Those who strive to build workers’ unity on the shifting sands of social democracy do more than anybody to divide and disorganise the working class. Take for example the pronouncement by Unite’s north east regional officer Billy Green, that “at no time will we ever stand up and support non-legitimate industrial action”. (Cited in Fight Racism, Fight Imperialism, December 2011)
And were that not ‘divisive’ enough, he went on to inform members that (a) the union advised them not to sign up to Besna, but (b) if refusal to do so got them into trouble, the union could not support them in employment tribunals! How could such contradictory advice be anything but ‘divisive’?
Unite members already voted overwhelmingly for strike action against Balfour Beatty back in November, but the Unite leadership succumbed in the face of a trumped-up legal challenge. On 19 January, a fresh ballot should have opened, whilst doubtless BB’s legal whizz-kids are already sharpening their pencils. Meanwhile, rank-and-file workers look set fair to keep on fighting, with or without the permission of the lawyers and judges rented by the bourgeoisie to protect their right to exploit at will.

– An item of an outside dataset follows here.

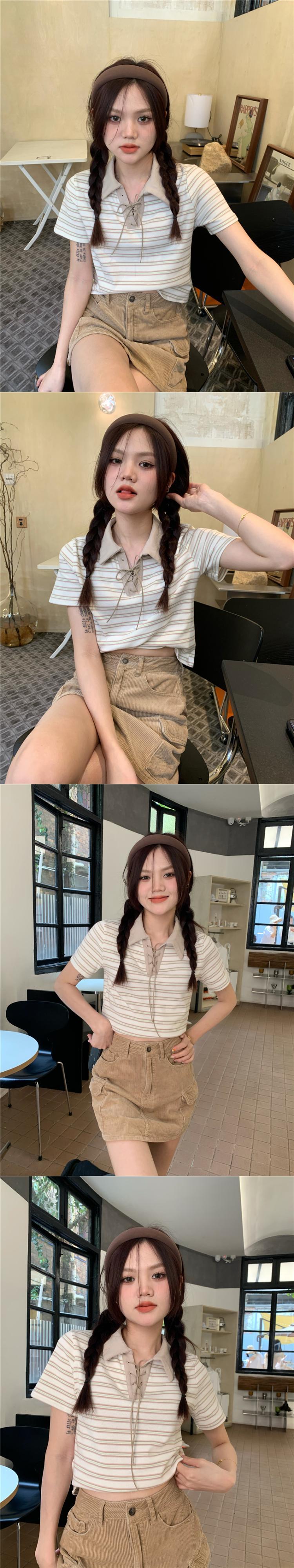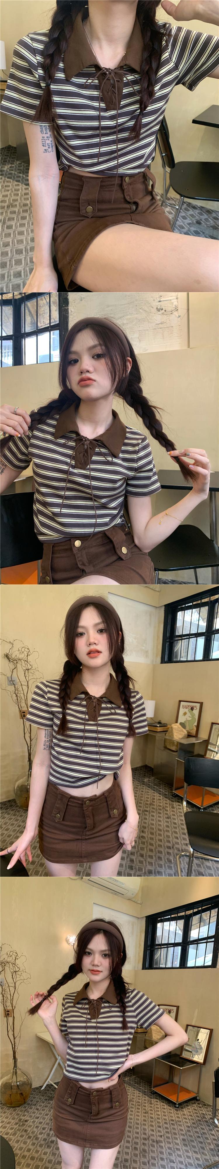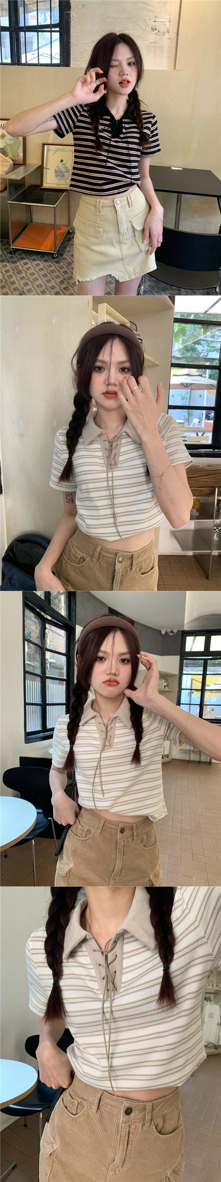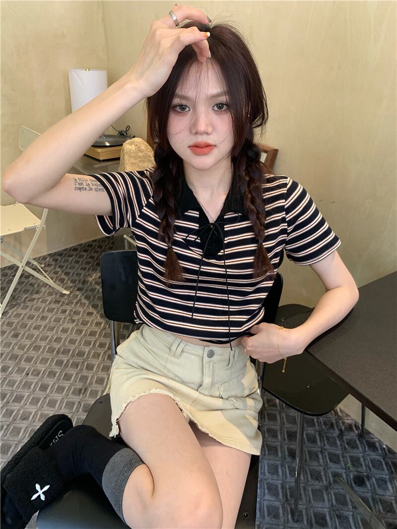 カラーストライプTシャツショート夏服スリムハイウェストウェストクロップドスタイルトップス 大人ガーリー スウィート キュート カジュアル 夏物 ウエスト コーデ Marchs63818061173

The fight against Besna is part of a wider struggle against de-skilling and casualisation in the industry. The fact that only an estimated 16 percent of electricians in the industry are now directly employed by the major companies, with the majority working via agencies that have little or no regard for any agreements (JIB, Besna or anything else), speaks volumes about the failure of Labour-led unions to fight for workers’ rights.
The key to the current struggle will be to lift it from a rearguard defence of existing agreements that offer temporary protection to a minority to an anti-capitalist offensive uniting all workers in the industry in a common front. By daring to flout the oppressive union-bashing laws and challenge the opportunists within their own leadership, the electricians are setting out on a road that, sooner or later, must be travelled by all class-conscious workers.
Occupy Oakland
Whilst the US Occupy movement has faltered in some places under the hammer blows of police repression, there are signs that in Oakland, a port city on the west coast with a long tradition of radical working-class struggles, repression is serving to temper the resistance.
When the mayor declared her intention to shut down the camp outside City Hall back in October, trade unionists moved to express solidarity with Occupy. Notably, local 10 Executive Board member Clarence Thomas of the dockers’ International Longshore and Warehouse Union (ILWU) called on all unions and the whole labour movement to defend the occupation. (Local 10’s key role in shutting down West Coast ports on May Day 2008 in protest over the occupation of Iraq is not forgotten.)
The subsequent brutal clearance of the camp, resulting in many injuries including a fractured skull, drew some 30,000 to a day of protest on 2 November, culminating in the closure of the port when workers arriving for night shift refused to cross the picket lines. Activists briefly reoccupied a derelict building and erected barricades, but were overwhelmed and expelled by riot police armed with tear gas and stun grenades.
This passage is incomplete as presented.